Limply he followed the suggestion, saber hanging weakly in his right hand and something flew past him, the sound of blaster firing coming from the floating sensation from earlier. “Oh. Remote. Ok....” he thought, the realization of what he was just doing coming back to him with a drunken slowness.
He wasn’t fully sure how long the exercise had been going, but he did know he was absolutely DONE for the day. He took two lazy steps left, already sensing the remote’s path before its repulsors did with his left hand extending slightly. A dimpled weight slapping against his palm signaled that he had captured the now equally confused primitive droid in his grip.
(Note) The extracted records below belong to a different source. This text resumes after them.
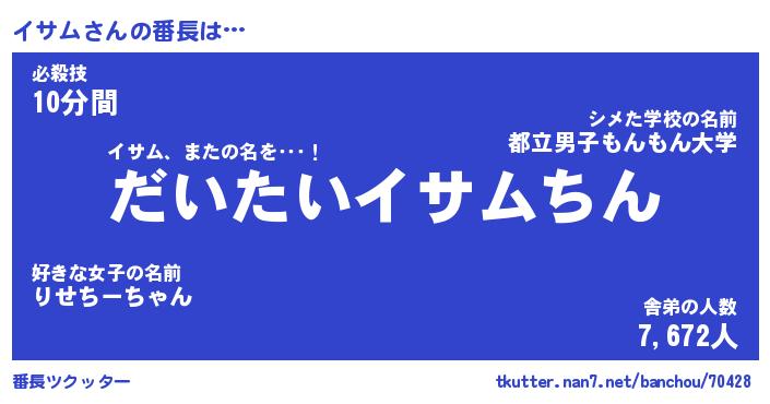 | ポケモン風あだ名 | 『イサチュウ』『イサムダネ』 |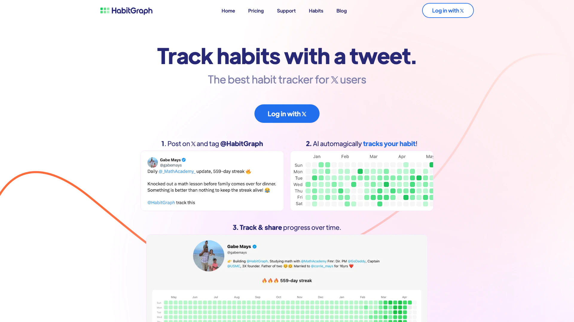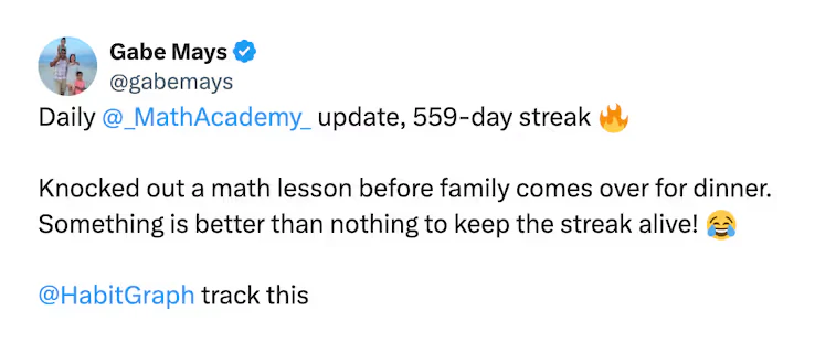 HabitGraph est une application de suivi des habitudes conçue spécifiquement pour les utilisateurs de X/Twitter, leur permettant de suivre leurs habitudes en publiant des tweets.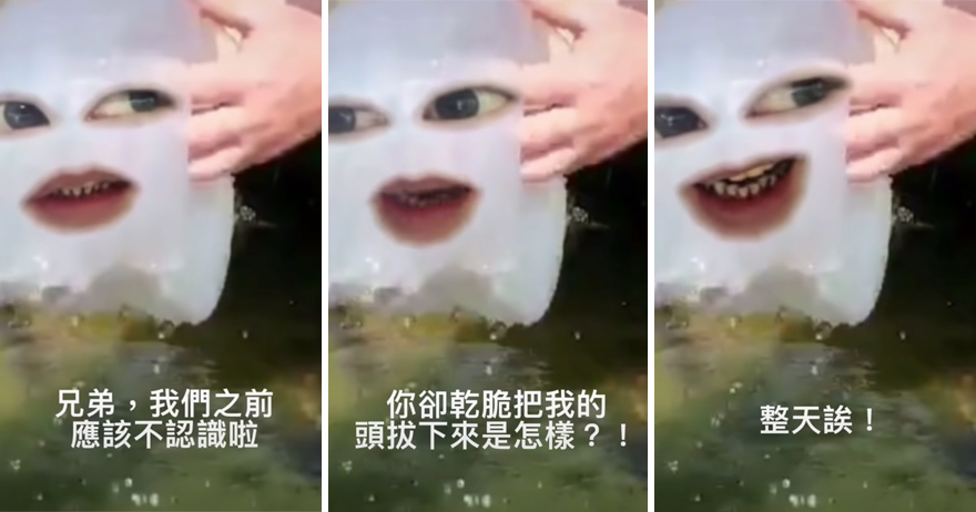 ▼在「水母被舉起而斷頭」的後製短片中,網紅「永和檳榔王」的配音讓人印象最深刻。後製加上惡搞的台語配音,再搭配水母無奈的表情,吸引了不少網友關注。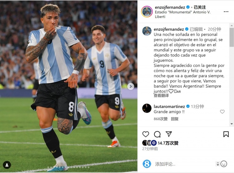 “永遠(yuǎn)感激球迷們對(duì)我們的支持,很高興經(jīng)歷一個(gè)將被永遠(yuǎn)銘記的夜晚。讓我們?yōu)榻酉聛淼奶魬?zhàn)將繼續(xù)努力!加油,兄弟們!加油,阿根廷!永遠(yuǎn)團(tuán)結(jié)一致!”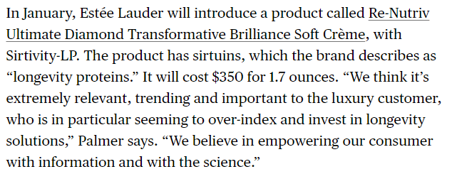 Longevity is a hot topic in the popular press, and the topic has now hit skincare. This is part of the “scientification” of skincare in the popular press that has arisen over the last few years. The trend has an upside and a downside. Learning about ingredients and how they work in the skin is important. The better informed we are, the better we can take care of our skin. The downside, is that non-scientists, including many practicing dermatologist, who have neither been trained as scientists, nor trained to analyze scientific studies, often proffer erroneous information about skin care in the popular press. For example, in my 2020 publication, in the section called “Example of Misinformation in Skin Care Marketing.” I describe how a practicing dermatologist in Miami makes many mistakes in describing skin care ingredients in her various popular press articles, including articles in a large newspaper.

A faint remnant of the logical part of his mind told him there should be an external off switch for the remote, which his now somewhat adrift conscious mind agreed with, thumb sliding along the metal shell to find it. A brief warning flashed in his mind as the droid fired at his leg, his right wrist twisting sharply and placing the blade between the bolt and himself. Oh...he half meant to do that one! Neat.
“No. ‘s bad ball friend. Dun do that.” he grumbled drunkenly, reprimanding the remote as his thumb finally found the external power button and pressing down gently. He switch his saber off as the remote powered down, taking a few tries before finally finding his belt clip. His grip now free from the saber he reached up, pulling the helmet off and blinking away the blur as his eyes readjusted to seeing.
After the lights shifted into focus enough for him to see he took a few wobbling steps to the edge of the ring. He handed the helmet and remote (now dubed ball friend in his stupor) off to the nearest person shaped blur as he stepped out before continuing to a bench shaped blur a few feet away, deciding to rest a bit before returning to his room.